Secret Service tembak mati orang yang coba masuk ke rumah Trump

Secret Service AS menembak mati seorang pria bersenjata yang berupaya memasuki area kediaman Presiden AS Donald Trump

Dinas Rahasia (Secret Service) Amerika Serikat (AS) terlibat dalam insiden penembakan fatal di kediaman Presiden AS Donald Trump, Mar-a-Lago, Florida, pada Minggu (22/2) dini hari. Seorang pria bersenjata yang berusaha menerobos area pengamanan ditembak mati oleh agen Dinas Rahasia.

Juru bicara Dinas Rahasia, Anthony Guglielmi, mengonfirmasi kejadian dramatis ini melalui platform X. Ia menyatakan bahwa seorang pria bersenjata tewas setelah ditembak oleh agen Dinas Rahasia AS dan Kantor Sheriff Palm Beach County (PBSO) karena secara tidak sah memasuki perimeter pengamanan Mar-a-Lago pada pagi hari itu. Insiden ini menunjukkan kesigapan aparat keamanan dalam menghadapi potensi ancaman serius.

Menurut keterangan Dinas Rahasia, pria yang diperkirakan berusia 20-an tahun tersebut terlihat di gerbang utara properti Mar-a-Lago. Dia membawa senapan laras panjang dan sebuah jeriken bahan bakar, menimbulkan kekhawatiran akan niatnya yang berbahaya. Aparat dengan cepat menghadang dan menembak mati pria tersebut setelah upaya pembangkangan. Tidak ada agen maupun petugas kepolisian yang terluka dalam insiden menegangkan tersebut, menegaskan keberhasilan respons cepat mereka.

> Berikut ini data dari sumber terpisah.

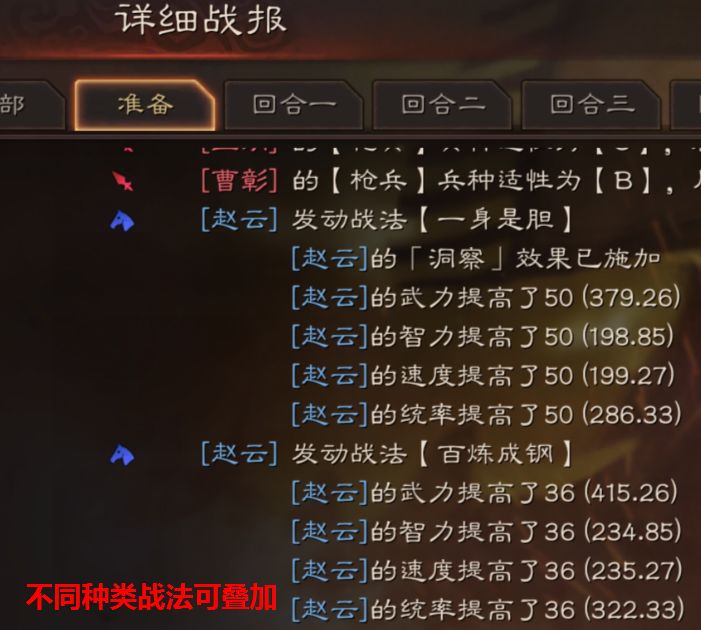 属性状态是影响武将实力的基础关键,在战斗时不同种类的战法带来的效果可以叠加,同一个战法带来的效果则会刷新持续回合。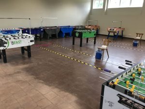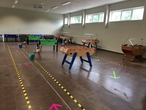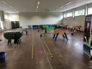 Seit 08.06.20 läuft im OTC-Trainings- und STFV-Landesleistungszentrum wieder der Trainingsbetrieb. Allerdings sind auch im Tischfußball in Folge der Pandemie Abstands- und Hygieneregeln zu beachten. In Folge dessen waren bis dato nur Einzelspiele erlaubt. Mit der Stadt Ottweiler wurde nunmehr eine weitere Lockerung abgestimmt, wonach ab sofort auch der Doppelspielbetrieb wieder zugelassen ist. Weiterhin gilt Maskenpflicht beim Spiel. Die detaillierten aktuellen Trainingsgrundsätze sind hier nachzulesen. Durch die Erleichterungen hoffen die Verantwortlichen von OTC und STFV auf mehr Betrieb in der alten Markthalle. Um weitere Lockerungen zu ermöglichen, ist die Ausstattung der Tische mit Spuckschutzwänden in Arbeit.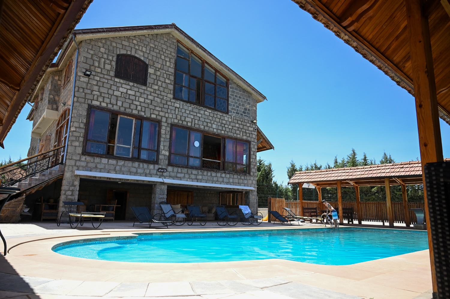 Nichée dans un cadre naturel paisible, notre piscine vous invite à la détente. Transats, parasols et serviettes sont à votre disposition pour un confort absolu, en solo, en couple ou en famille.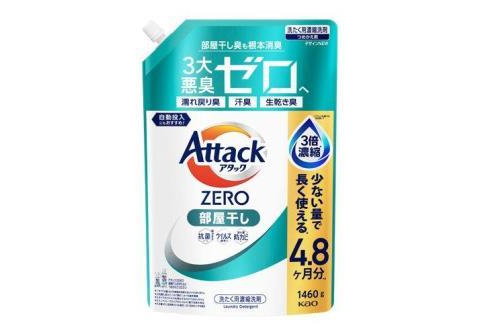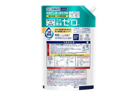 KAO Attack Zero Концентрированное жидкое средство для стирки против неприятных запахов при сушке в помещении, с ароматом морского бриза, сменная упаковка с крышкой 1460г.

Dalam konferensi pers, Sheriff Palm Beach County Ric Bradshaw memberikan detail lebih lanjut mengenai kronologi insiden. Tersangka, seorang pria kulit putih, ditembak mati setelah mengarahkan senapan ke petugas yang berupaya menghadapinya. Bradshaw menjelaskan momen-momen kritis sebelum penembakan terjadi.

“Ia diperintahkan untuk menjatuhkan dua barang yang dibawanya. Ia meletakkan jeriken bensin dan mengangkat senapan ke posisi menembak. Saat itu, deputi dan dua agen Dinas Rahasia melepaskan tembakan dan melumpuhkan ancaman. Ia dinyatakan meninggal di lokasi kejadian,” ungkap Bradshaw, menggambarkan keputusan cepat yang harus diambil oleh petugas di lapangan.

Penyelidikan atas kasus penembakan ini kini menjadi prioritas utama Biro Investigasi Federal (FBI), yang akan bertindak sebagai lembaga utama. Penyelidikan ini juga akan didukung penuh oleh kepolisian Palm Beach. Seorang pejabat lapangan FBI turut mengimbau masyarakat setempat untuk memeriksa rekaman kamera keamanan mereka, berharap dapat menemukan bukti tambahan yang dapat membantu proses investigasi mendalam ini.

Ringkasan

Dinas Rahasia AS dan Kantor Sheriff Palm Beach County menembak mati seorang pria bersenjata yang mencoba menerobos masuk area pengamanan di kediaman Presiden Donald Trump, Mar-a-Lago, Florida, pada Minggu (22/2) dini hari. Pria tersebut, yang diperkirakan berusia 20-an tahun, membawa senapan laras panjang dan sebuah jeriken bahan bakar saat memasuki perimeter utara properti. Ia ditembak setelah mengarahkan senapan ke petugas yang menghadapinya dan tidak mematuhi perintah untuk menjatuhkan barang bawaannya.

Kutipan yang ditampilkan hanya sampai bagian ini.